The World Humanitarian Summit is scheduled to take place in Turkey, during May 2016, a meeting proposed by UN Secretary-General Ban Ki-moon.
Breanna Ridsdel, spokesperson for the Summit, said, ”It will be more like a key moment in a conversation which has been going on for decades, and needs to go on for decades to come.”
One aim is to draw as many people into that conversation as possible, including the new players in the humanitarian field whose presence is one of the things changing the environment and making the conversation necessary.
In the past, humanitarian organizations consciously held themselves apart from anyone with military and commercial motives. Now they are being urged to collaborate with the private sector and in some cases, even the military.

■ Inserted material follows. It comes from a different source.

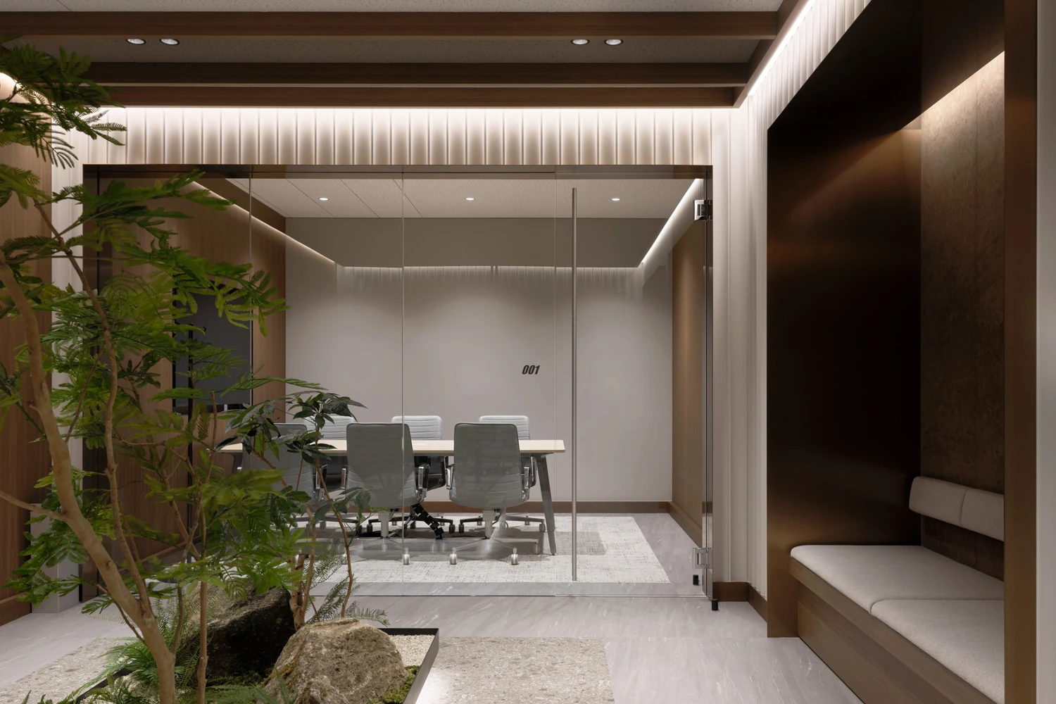 木とガラスの融合が美しいワークプレイス

In the past, aid was given by rich, developed countries to the poor and the undeveloped. Now the lines are not so clear. Former aid recipients are now middle income countries and aid-givers themselves, and they approach things in a different way. Big multinational NGOs, based in the West, have been joined by a host of local NGOs and civil society organizations working in their own countries. And awareness has grown of the instrumental response role played by aid-affected communities themselves.

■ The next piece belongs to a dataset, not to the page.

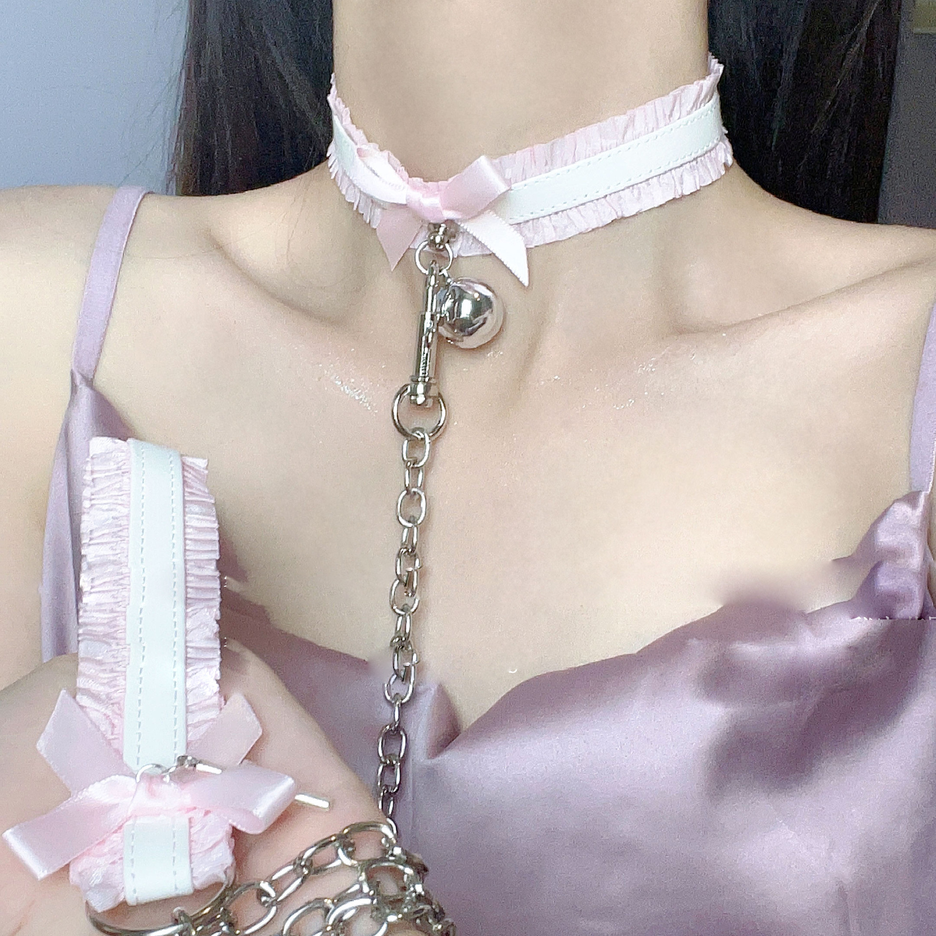 Girl's Pink Lotus Leaf Lace Leather Collar Bell Necklace Traction Rope Clavicle Chain Sweet Cool Style Design Sense Soft Girl

Sara Pantuliano, director of the Humanitarian Policy Group at the UK’s Overseas Development Institute, says getting the balance right between the different actors will be crucial to the event’s success. “It’s a UN summit, not an inter-governmental summit,” she told IRIN. “If the recommendations which emerge are strong enough, it could make the changes in the humanitarian architecture which are so badly needed. An inter-governmental process probably wouldn’t be able to move so far. But states have to be on board so that they can take the Summit’s outcomes to the General Assembly and get the decisions required. … Governments will be invited but they won’t be driving the process.”